[[ Data for review, beginning ]]

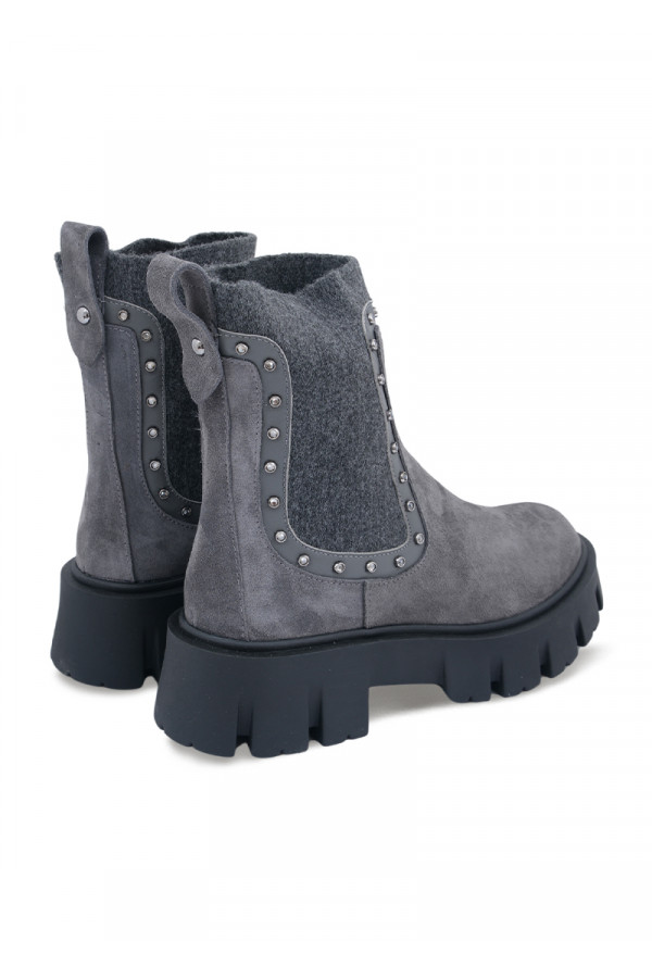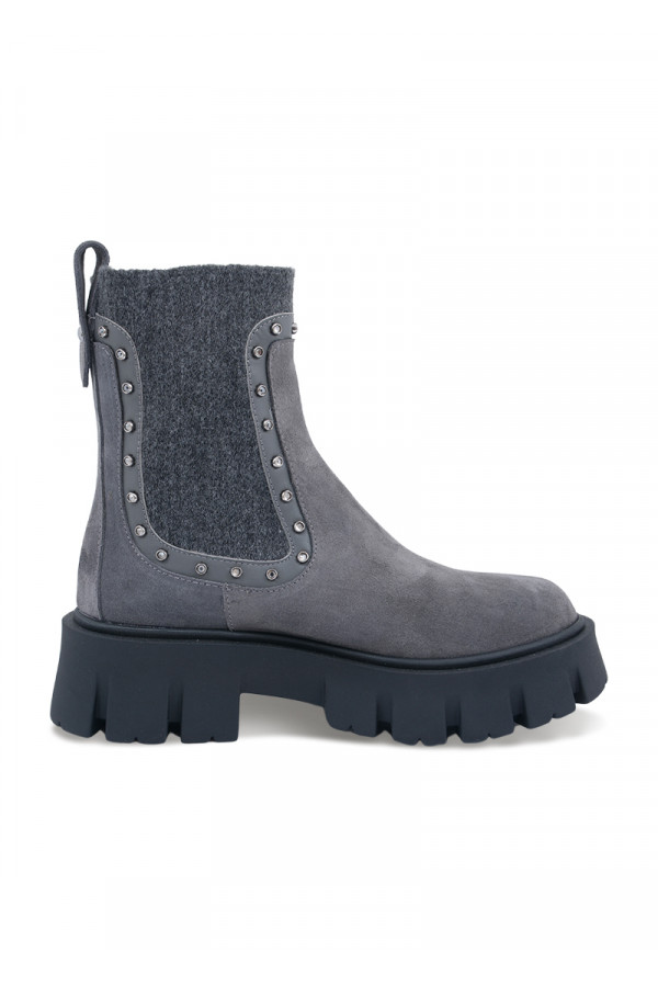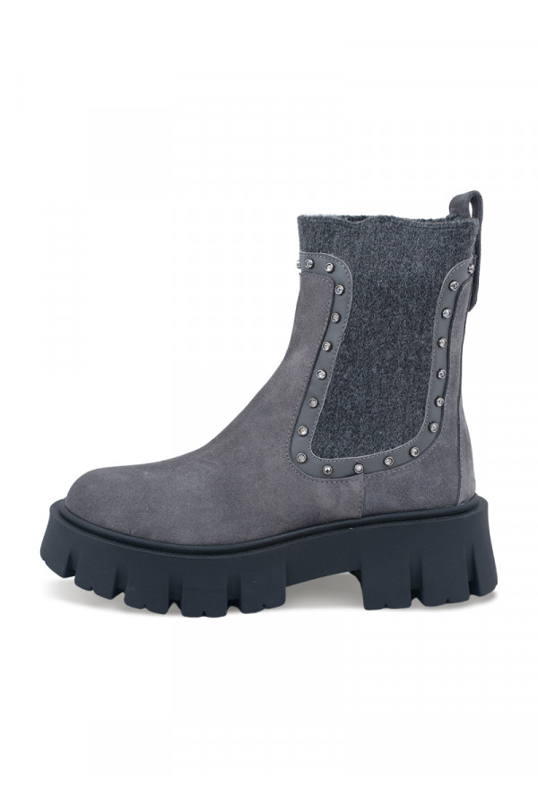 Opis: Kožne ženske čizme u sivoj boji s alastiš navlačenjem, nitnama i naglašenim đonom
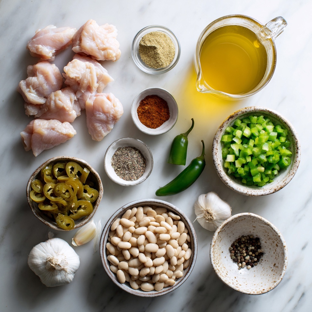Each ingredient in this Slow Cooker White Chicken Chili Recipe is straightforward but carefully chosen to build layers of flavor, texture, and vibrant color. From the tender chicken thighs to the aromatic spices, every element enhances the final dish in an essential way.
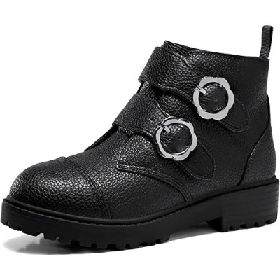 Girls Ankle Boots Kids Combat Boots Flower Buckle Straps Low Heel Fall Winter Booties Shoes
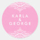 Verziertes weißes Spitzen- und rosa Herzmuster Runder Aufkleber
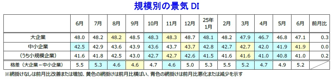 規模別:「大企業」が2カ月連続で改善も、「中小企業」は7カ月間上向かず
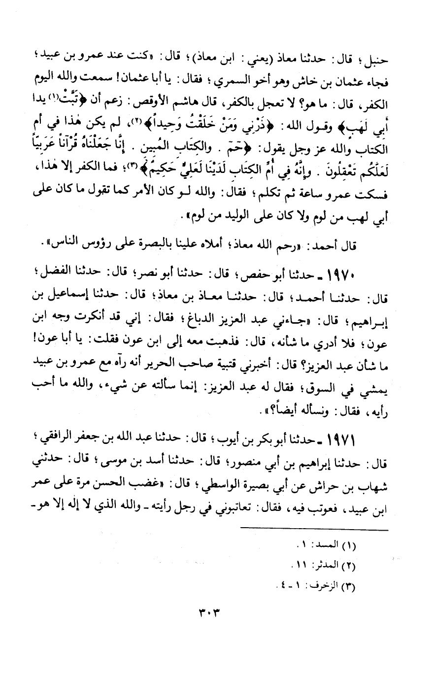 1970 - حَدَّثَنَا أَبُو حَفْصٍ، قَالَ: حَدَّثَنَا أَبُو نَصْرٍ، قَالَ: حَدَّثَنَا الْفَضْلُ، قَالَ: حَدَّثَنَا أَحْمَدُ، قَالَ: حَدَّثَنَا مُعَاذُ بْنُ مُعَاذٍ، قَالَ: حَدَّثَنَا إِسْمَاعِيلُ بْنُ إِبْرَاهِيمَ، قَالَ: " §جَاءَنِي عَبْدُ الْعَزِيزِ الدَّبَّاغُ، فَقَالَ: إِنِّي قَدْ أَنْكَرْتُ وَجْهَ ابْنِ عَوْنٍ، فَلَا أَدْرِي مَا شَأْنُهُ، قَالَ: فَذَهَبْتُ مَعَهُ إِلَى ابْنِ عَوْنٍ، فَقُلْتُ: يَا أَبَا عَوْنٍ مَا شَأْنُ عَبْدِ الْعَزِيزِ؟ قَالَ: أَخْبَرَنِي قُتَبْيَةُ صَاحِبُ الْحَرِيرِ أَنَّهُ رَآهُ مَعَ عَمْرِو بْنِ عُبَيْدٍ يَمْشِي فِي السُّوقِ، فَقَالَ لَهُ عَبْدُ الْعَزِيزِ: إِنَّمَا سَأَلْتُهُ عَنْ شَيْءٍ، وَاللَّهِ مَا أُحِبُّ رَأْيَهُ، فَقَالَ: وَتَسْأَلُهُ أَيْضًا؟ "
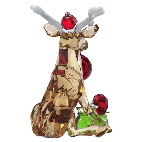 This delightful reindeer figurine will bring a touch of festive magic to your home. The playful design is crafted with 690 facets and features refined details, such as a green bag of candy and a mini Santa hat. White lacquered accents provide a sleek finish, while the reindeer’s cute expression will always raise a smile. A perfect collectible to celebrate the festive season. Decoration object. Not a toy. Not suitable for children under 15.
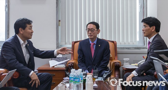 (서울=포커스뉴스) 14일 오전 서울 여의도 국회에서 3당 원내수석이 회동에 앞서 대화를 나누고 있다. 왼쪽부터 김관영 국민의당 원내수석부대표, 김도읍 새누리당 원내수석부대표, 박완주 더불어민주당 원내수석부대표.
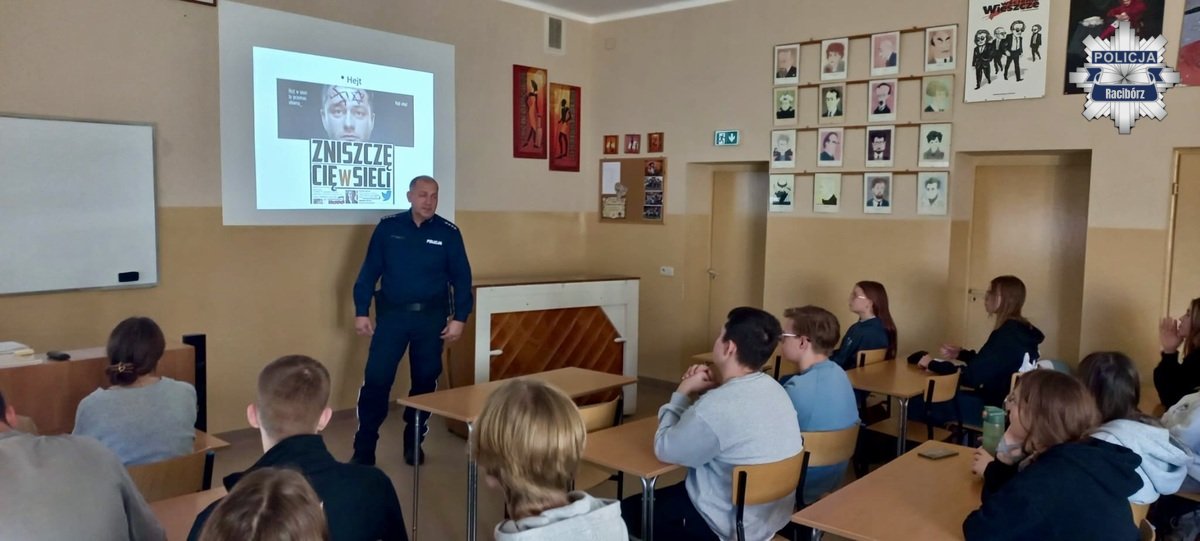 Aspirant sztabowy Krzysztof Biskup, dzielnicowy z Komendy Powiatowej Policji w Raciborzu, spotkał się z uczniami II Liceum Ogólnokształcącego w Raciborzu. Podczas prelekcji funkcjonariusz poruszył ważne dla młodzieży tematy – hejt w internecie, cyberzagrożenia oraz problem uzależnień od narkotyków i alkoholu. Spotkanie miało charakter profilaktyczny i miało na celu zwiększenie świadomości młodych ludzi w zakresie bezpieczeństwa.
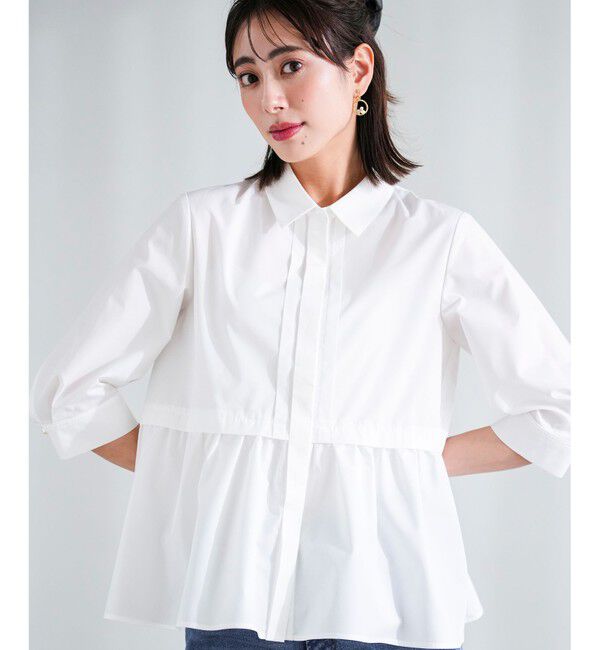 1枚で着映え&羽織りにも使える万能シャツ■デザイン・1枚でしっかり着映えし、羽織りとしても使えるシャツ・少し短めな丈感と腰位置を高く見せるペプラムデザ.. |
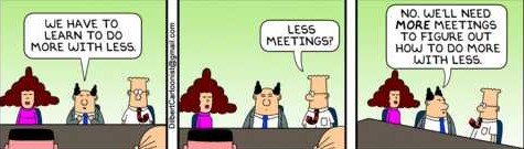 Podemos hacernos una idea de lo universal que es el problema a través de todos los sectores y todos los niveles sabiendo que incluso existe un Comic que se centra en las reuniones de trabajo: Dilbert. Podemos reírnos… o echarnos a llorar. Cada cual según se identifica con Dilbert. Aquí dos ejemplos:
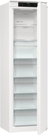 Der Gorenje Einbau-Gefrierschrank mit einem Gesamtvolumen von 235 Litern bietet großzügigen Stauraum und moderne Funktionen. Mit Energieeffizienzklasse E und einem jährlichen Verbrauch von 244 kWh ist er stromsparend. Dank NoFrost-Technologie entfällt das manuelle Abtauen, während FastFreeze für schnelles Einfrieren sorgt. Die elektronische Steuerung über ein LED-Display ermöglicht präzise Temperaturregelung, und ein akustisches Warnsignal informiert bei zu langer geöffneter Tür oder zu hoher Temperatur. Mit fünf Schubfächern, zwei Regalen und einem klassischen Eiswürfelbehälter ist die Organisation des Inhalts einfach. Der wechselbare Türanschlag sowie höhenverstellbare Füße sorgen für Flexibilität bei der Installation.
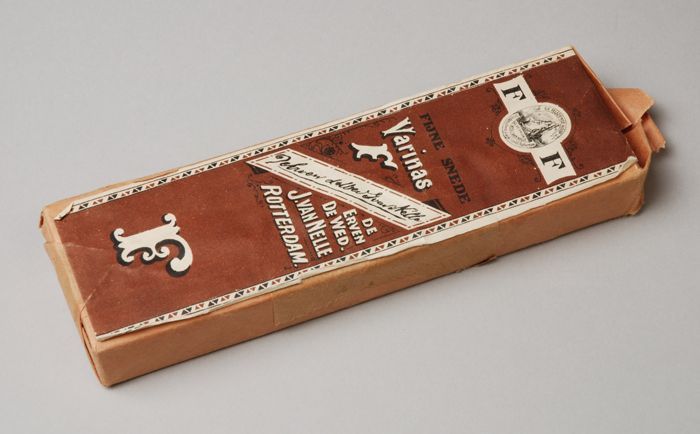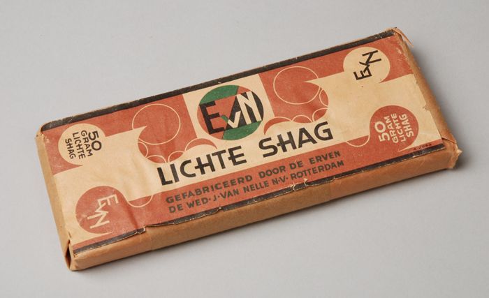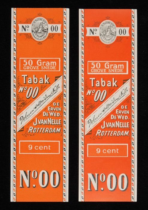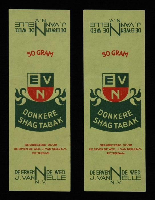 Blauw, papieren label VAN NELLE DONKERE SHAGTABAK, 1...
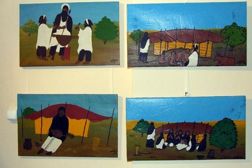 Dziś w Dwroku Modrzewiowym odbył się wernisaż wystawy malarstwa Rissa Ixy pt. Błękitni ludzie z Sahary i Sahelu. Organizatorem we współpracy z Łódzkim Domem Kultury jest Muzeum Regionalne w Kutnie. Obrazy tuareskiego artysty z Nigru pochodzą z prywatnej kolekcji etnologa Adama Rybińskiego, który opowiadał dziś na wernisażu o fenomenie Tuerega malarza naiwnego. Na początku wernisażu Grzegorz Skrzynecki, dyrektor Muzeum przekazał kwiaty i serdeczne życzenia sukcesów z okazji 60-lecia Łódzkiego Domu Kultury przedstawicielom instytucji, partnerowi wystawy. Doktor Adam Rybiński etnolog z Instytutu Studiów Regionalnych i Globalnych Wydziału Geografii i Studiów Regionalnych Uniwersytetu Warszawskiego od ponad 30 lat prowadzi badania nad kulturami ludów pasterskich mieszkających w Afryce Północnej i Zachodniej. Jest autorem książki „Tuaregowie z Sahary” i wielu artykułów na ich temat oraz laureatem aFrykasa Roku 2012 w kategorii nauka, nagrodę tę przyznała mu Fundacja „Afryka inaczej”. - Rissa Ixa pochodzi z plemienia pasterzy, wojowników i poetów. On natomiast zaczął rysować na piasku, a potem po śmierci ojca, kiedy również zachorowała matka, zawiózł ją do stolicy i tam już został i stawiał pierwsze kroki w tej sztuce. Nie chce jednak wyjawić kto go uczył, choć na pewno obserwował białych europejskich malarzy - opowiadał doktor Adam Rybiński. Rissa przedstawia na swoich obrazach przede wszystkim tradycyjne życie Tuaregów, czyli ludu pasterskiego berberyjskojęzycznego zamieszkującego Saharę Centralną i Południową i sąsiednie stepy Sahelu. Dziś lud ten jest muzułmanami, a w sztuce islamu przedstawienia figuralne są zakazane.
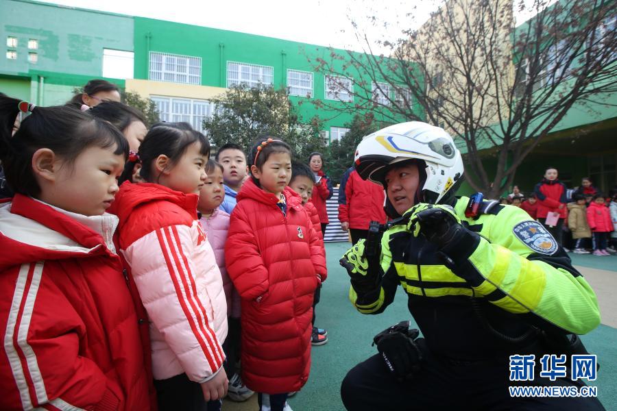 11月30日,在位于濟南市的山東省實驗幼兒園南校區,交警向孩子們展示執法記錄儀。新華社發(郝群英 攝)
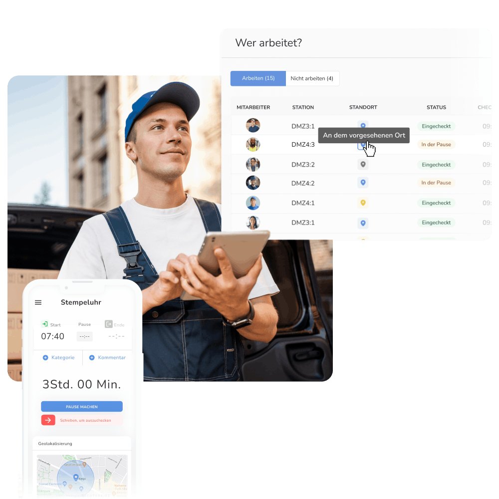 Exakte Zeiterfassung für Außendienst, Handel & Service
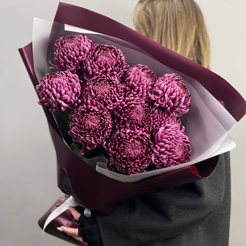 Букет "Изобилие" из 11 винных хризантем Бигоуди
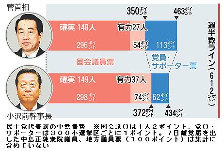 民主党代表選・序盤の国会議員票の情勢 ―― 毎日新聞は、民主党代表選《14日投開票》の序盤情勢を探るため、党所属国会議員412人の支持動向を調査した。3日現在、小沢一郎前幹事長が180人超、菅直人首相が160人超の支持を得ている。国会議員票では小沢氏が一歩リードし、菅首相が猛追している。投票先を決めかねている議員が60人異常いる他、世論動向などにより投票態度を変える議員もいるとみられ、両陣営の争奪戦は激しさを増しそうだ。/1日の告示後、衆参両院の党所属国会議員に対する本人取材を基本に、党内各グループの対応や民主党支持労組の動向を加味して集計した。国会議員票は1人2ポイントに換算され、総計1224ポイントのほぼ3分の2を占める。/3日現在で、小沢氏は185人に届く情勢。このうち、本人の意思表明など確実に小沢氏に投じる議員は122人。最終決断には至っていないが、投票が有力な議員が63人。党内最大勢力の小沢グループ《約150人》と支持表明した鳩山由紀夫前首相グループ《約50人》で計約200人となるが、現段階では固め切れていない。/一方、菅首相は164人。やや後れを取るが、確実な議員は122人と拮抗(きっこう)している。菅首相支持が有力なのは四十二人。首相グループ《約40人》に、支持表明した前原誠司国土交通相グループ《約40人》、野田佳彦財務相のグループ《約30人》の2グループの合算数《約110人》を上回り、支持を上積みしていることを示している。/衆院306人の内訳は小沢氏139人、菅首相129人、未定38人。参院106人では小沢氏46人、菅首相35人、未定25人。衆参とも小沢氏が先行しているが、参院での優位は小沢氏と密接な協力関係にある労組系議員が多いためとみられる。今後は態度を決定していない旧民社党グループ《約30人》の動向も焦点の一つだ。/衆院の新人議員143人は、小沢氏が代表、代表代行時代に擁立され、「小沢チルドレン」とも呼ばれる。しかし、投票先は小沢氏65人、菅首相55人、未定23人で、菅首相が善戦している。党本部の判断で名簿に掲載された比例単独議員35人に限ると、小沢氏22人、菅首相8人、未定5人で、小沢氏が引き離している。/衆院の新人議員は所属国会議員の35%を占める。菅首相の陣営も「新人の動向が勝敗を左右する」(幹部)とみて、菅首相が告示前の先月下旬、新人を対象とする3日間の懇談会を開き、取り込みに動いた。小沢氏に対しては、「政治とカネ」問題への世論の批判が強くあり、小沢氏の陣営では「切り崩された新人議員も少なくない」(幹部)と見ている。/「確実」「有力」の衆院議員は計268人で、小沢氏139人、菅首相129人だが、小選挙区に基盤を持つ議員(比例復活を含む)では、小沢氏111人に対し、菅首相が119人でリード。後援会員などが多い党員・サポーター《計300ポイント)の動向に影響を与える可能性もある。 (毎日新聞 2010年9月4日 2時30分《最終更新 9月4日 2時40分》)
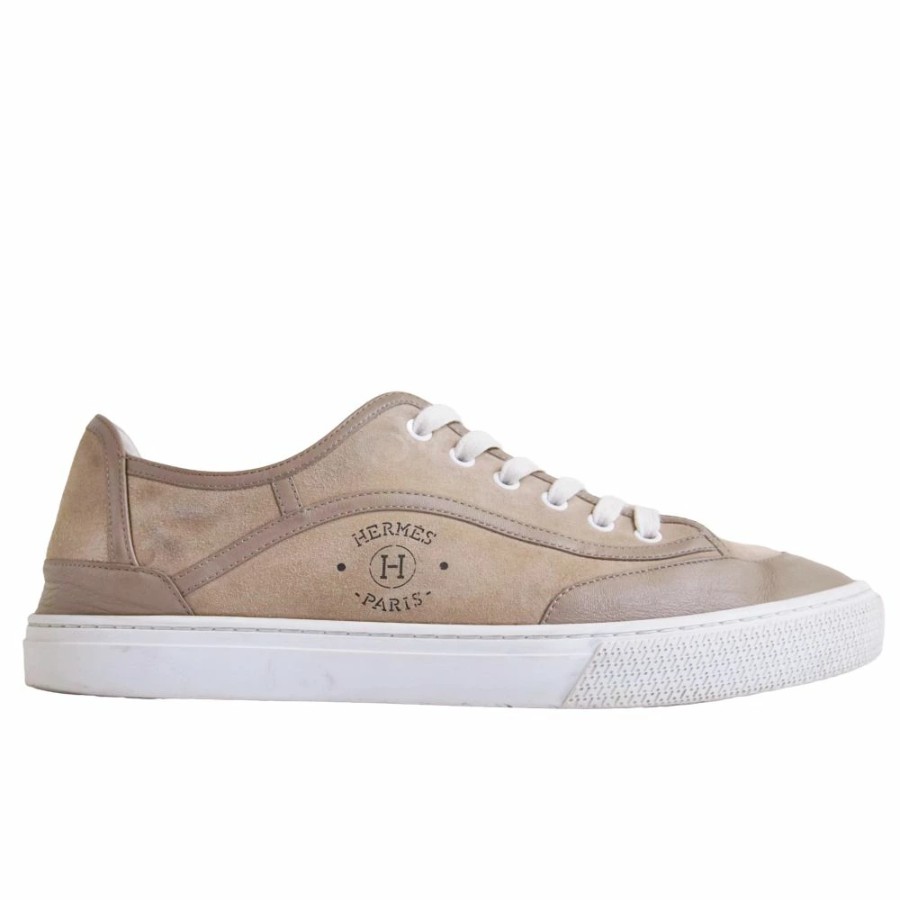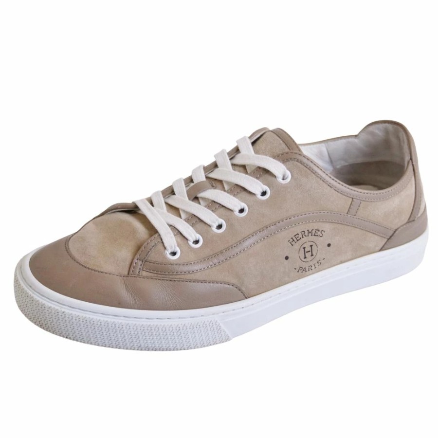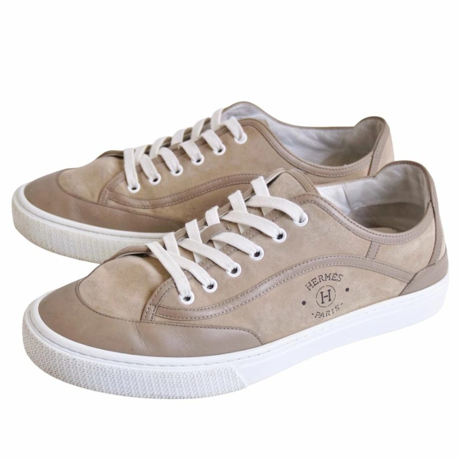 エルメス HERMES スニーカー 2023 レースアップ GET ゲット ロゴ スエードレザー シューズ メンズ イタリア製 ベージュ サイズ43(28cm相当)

[[ Data for review, end ]]

Task: Look above for the line with "1枚で着映え&羽織りにも使え" and the line with "Podemos hacernos una". Copy them and every line between, exactly, but no pictures.

Final answer:
 1枚で着映え&羽織りにも使える万能シャツ■デザイン・1枚でしっかり着映えし、羽織りとしても使えるシャツ・少し短めな丈感と腰位置を高く見せるペプラムデザ.. |
 Podemos hacernos una idea de lo universal que es el problema a través de todos los sectores y todos los niveles sabiendo que incluso existe un Comic que se centra en las reuniones de trabajo: Dilbert. Podemos reírnos… o echarnos a llorar. Cada cual según se identifica con Dilbert. Aquí dos ejemplos:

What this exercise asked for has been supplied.